## [Work required]
Transcribe the entries exactly; images are not part of the copy.

## [Material shown]
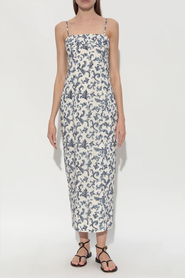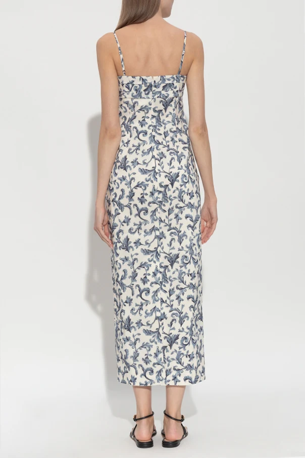 Sukienka Rue z ekskluzywnej kolekcji Posse stanowi kwintesencję subtelnej elegancji, zachwycając klasycznym fasonem midi oraz lekko zwężaną linią, która harmonijnie podkreśla sylwetkę. Finezyjny charakter nadają jej cienkie ramiączka, kwadratowy dekolt oraz dekoracyjne, poziome przeszycia w okolicy biustu, które subtelnie uwypuklają linię szyi.
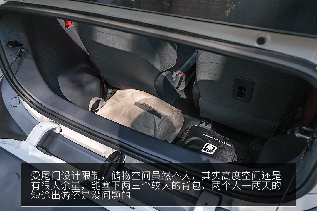 受尾门设计限制,储物空间虽然不大,其实高度空间还是有很大余量,能塞下两三个较大的背包,两个人一两天的短途出游还是没问题。
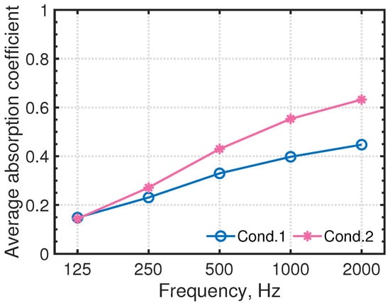 Average absorption coefficients of the auditorium for two absorption conditions.
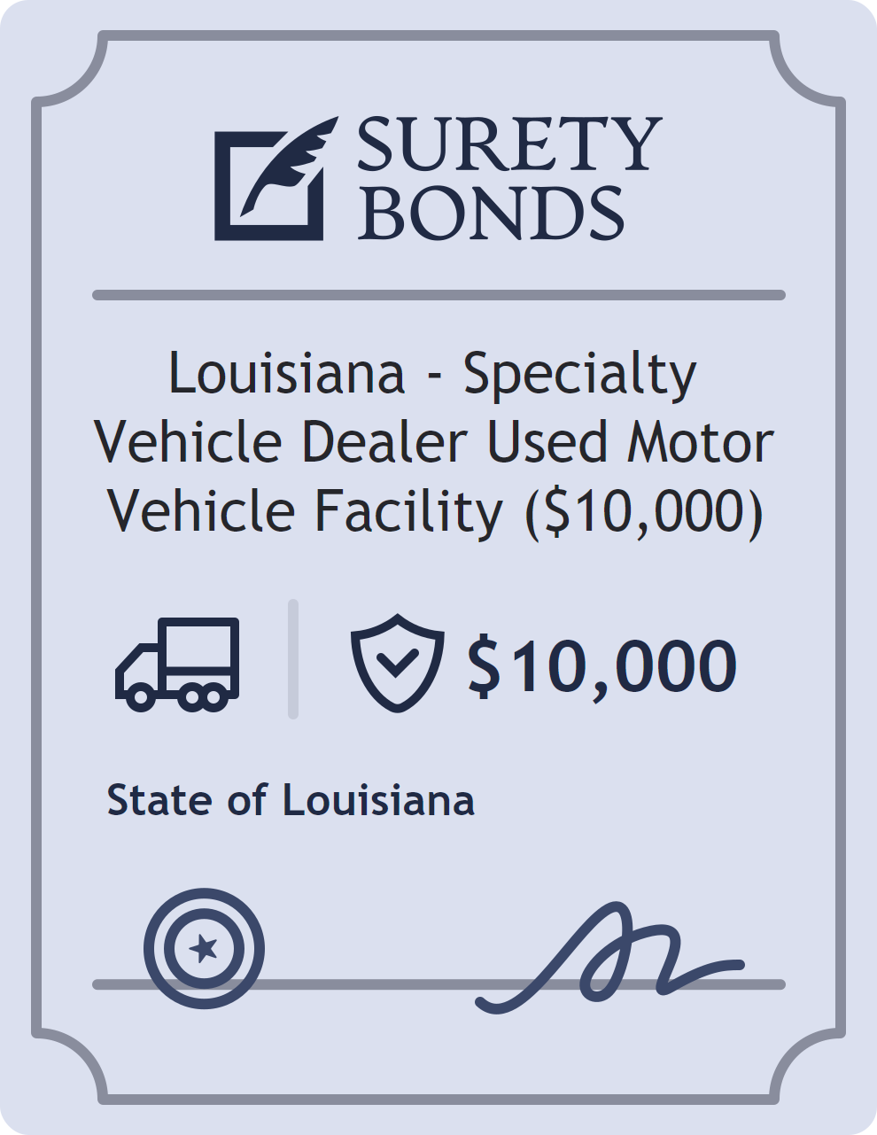 The Louisiana – Specialty Vehicle Dealer Used Motor Vehicle Facility ($10,000) is a $10,000 surety bond required in Louisiana. It provides a financial guarantee that the bonded party will satisfy all statutory and contractual obligations related to this bond type. The surety reviews financial strength, compliance history, and indemnity support before approving the obligation. Maintaining uninterrupted coverage for the entire 1 Year term is essential; lapses can trigger penalties, contract defaults, or license suspension in Louisiana. Underwriters typically request financial statements, references, and proof of licensing before quoting terms so they can evaluate repayment capacity. Throughout the bond term, the principal must maintain accurate books, respond to regulator inquiries, and remediate any complaints to prevent a claim. Many authorities in Louisiana also require renewal certificates 30 to 60 days in advance, and failure to provide proof can halt permitting or bid submissions. The $10,000 limit demonstrates to customers, partners, and oversight agencies that the bonded party maintains a reliable, surety-backed source of funds dedicated to ongoing compliance. The obligee for this bond is State of Louisiana.
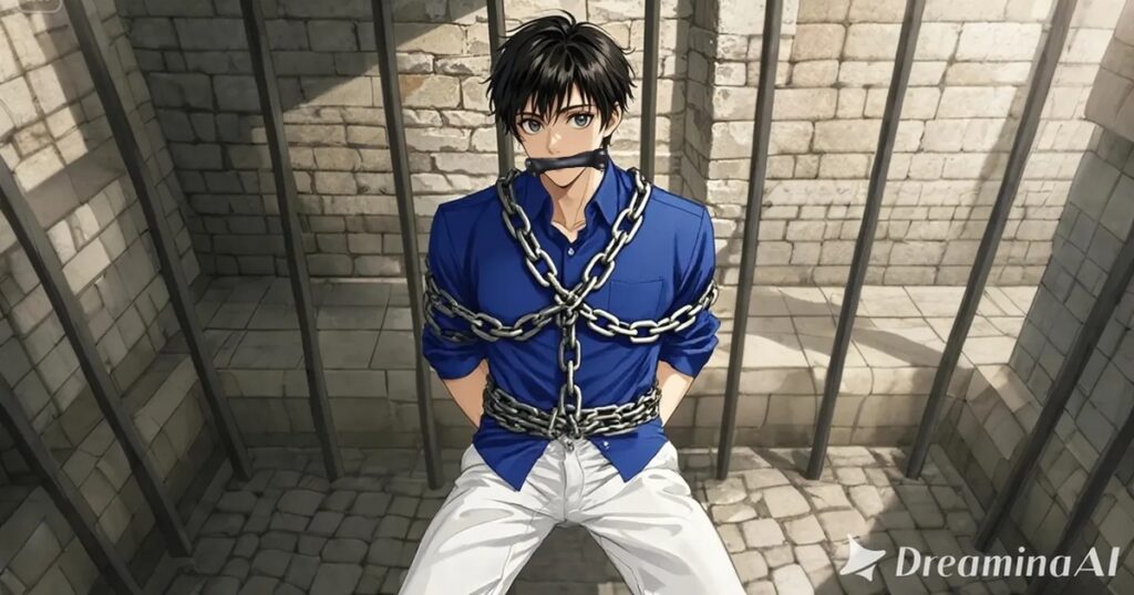 拘束されている草川律希は、Dreamina: Create realistic talking avatars with AI avatar generatorで生成した後、無料AI画像ジェネレーター:テキストでAIアートを創造 – SeaArt AIのクイックツール画像編集プロシーアート AIで加工して作成しました(口枷除く)。

## [Task output]
 Sukienka Rue z ekskluzywnej kolekcji Posse stanowi kwintesencję subtelnej elegancji, zachwycając klasycznym fasonem midi oraz lekko zwężaną linią, która harmonijnie podkreśla sylwetkę. Finezyjny charakter nadają jej cienkie ramiączka, kwadratowy dekolt oraz dekoracyjne, poziome przeszycia w okolicy biustu, które subtelnie uwypuklają linię szyi.
 受尾门设计限制,储物空间虽然不大,其实高度空间还是有很大余量,能塞下两三个较大的背包,两个人一两天的短途出游还是没问题。
 Average absorption coefficients of the auditorium for two absorption conditions.
 The Louisiana – Specialty Vehicle Dealer Used Motor Vehicle Facility ($10,000) is a $10,000 surety bond required in Louisiana. It provides a financial guarantee that the bonded party will satisfy all statutory and contractual obligations related to this bond type. The surety reviews financial strength, compliance history, and indemnity support before approving the obligation. Maintaining uninterrupted coverage for the entire 1 Year term is essential; lapses can trigger penalties, contract defaults, or license suspension in Louisiana. Underwriters typically request financial statements, references, and proof of licensing before quoting terms so they can evaluate repayment capacity. Throughout the bond term, the principal must maintain accurate books, respond to regulator inquiries, and remediate any complaints to prevent a claim. Many authorities in Louisiana also require renewal certificates 30 to 60 days in advance, and failure to provide proof can halt permitting or bid submissions. The $10,000 limit demonstrates to customers, partners, and oversight agencies that the bonded party maintains a reliable, surety-backed source of funds dedicated to ongoing compliance. The obligee for this bond is State of Louisiana.
 拘束されている草川律希は、Dreamina: Create realistic talking avatars with AI avatar generatorで生成した後、無料AI画像ジェネレーター:テキストでAIアートを創造 – SeaArt AIのクイックツール画像編集プロシーアート AIで加工して作成しました(口枷除く)。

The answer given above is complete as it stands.